Signed-off-by: Andrey Grodzovsky <andrey.grodzov...@amd.com>
---
  drivers/gpu/drm/amd/amdgpu/amdgpu.h         | 12 ++++++
  drivers/gpu/drm/amd/amdgpu/amdgpu_bo_list.c | 62 ++++++++++++++++++-----------   drivers/gpu/drm/amd/amdgpu/amdgpu_cs.c      | 52 +++++++++++++++++++++---
  drivers/gpu/drm/amd/amdgpu/amdgpu_drv.c     |  3 +-
  include/uapi/drm/amdgpu_drm.h               |  1 +
  5 files changed, 101 insertions(+), 29 deletions(-)
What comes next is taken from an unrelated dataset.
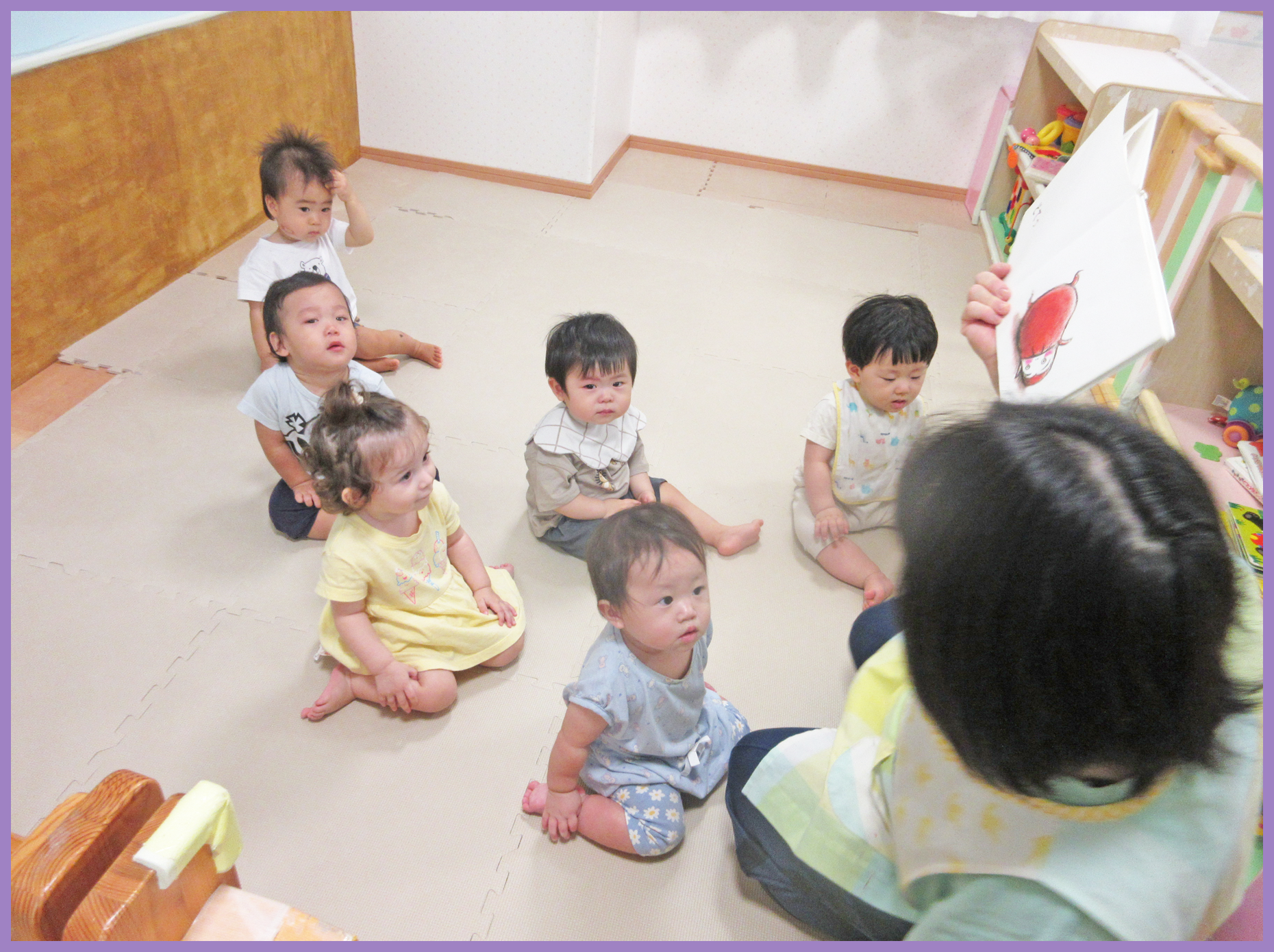 「だるまさんが」の読み聞かせをしながらだるまの動きを真似てみました。保育者が「どてっ」「びろーん」「にこっ」等の声を掛けて絵本の場面に合わせた動作をすると、同じ動きを真似しようと片足を上げたり、手を上に伸ばしたり、一本指を頬に添えて表現を楽しめていました。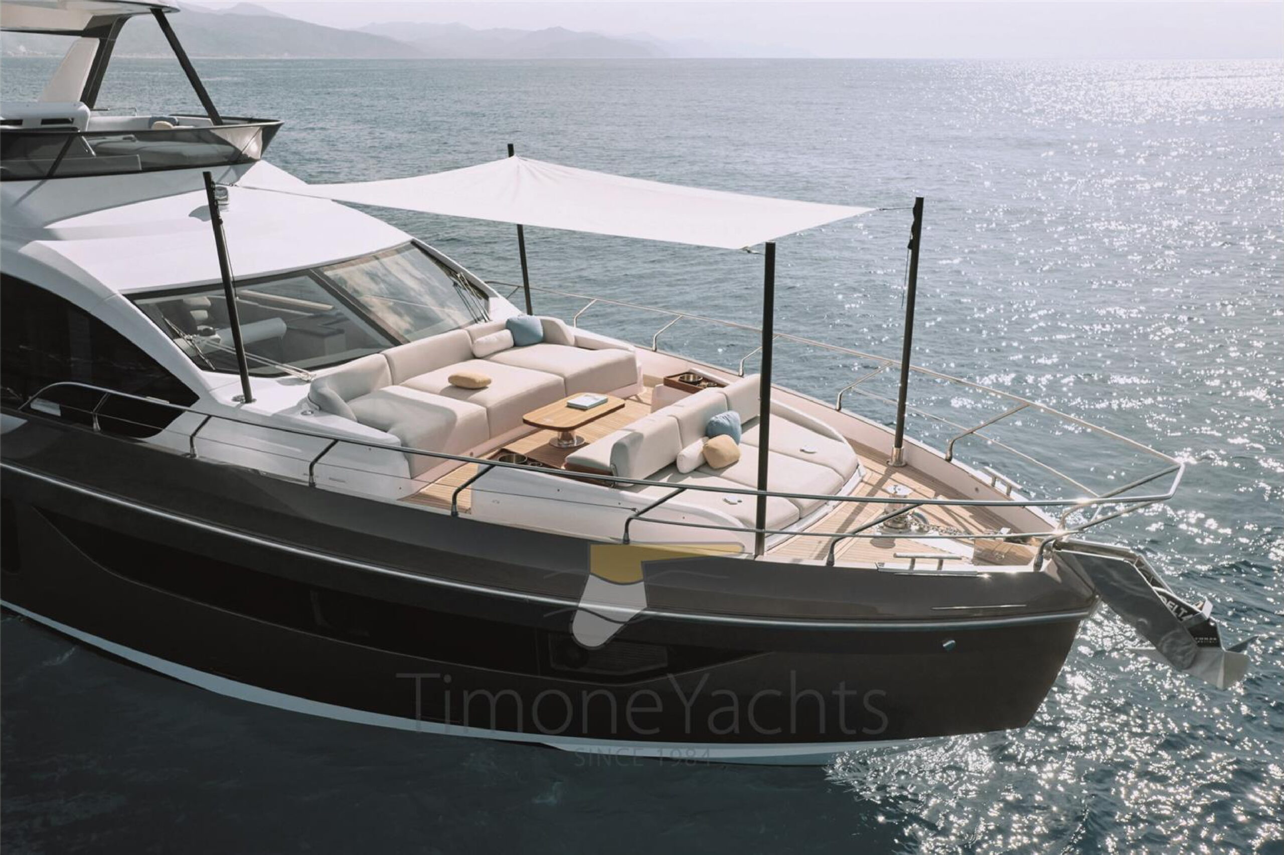fluid furniture in light brushed oak blends with natural textiles in neutral nuances and occasional mahogany accents, fully unfolding the harmonious essence of the Fly 68. The contemporary appeal of the Fly 68 is expressed through the possibility to choose among three main deck configurations, each imagined to suit unique onboard living styles and desires. From a more easy-going galley placed at the entrance to the more sensual solution of the semi-hidden “Lanterna” layout, the rest of the space is designed to adapt, ensuring that the midship main deck always hosts a multi-purpose lounging experience

diff --git a/drivers/gpu/drm/amd/amdgpu/amdgpu.h b/drivers/gpu/drm/amd/amdgpu/amdgpu.h
index 8eaba0f..e082eba 100644
--- a/drivers/gpu/drm/amd/amdgpu/amdgpu.h
+++ b/drivers/gpu/drm/amd/amdgpu/amdgpu.h
@@ -732,6 +732,16 @@ void amdgpu_bo_list_get_list(struct amdgpu_bo_list *list,
                   struct list_head *validated);
  void amdgpu_bo_list_put(struct amdgpu_bo_list *list);
  void amdgpu_bo_list_free(struct amdgpu_bo_list *list);
+int amdgpu_bo_create_list_entry_array(struct drm_amdgpu_bo_list_in *in,
+                      struct drm_amdgpu_bo_list_entry **info_param);
+
+int amdgpu_bo_list_create(struct amdgpu_device *adev,
+                 struct drm_file *filp,
+                 struct drm_amdgpu_bo_list_entry *info,
+                 unsigned num_entries,
+                 int *id);
+
+void amdgpu_bo_list_destroy(struct amdgpu_fpriv *fpriv, int id);
    /*
   * GFX stuff
@@ -1048,6 +1058,8 @@ struct amdgpu_cs_parser {
        unsigned num_post_dep_syncobjs;
      struct drm_syncobj **post_dep_syncobjs;
+
+    bool destroy_bo_list;

I think you don't need this. IIRC the bo_list structure was reference counted.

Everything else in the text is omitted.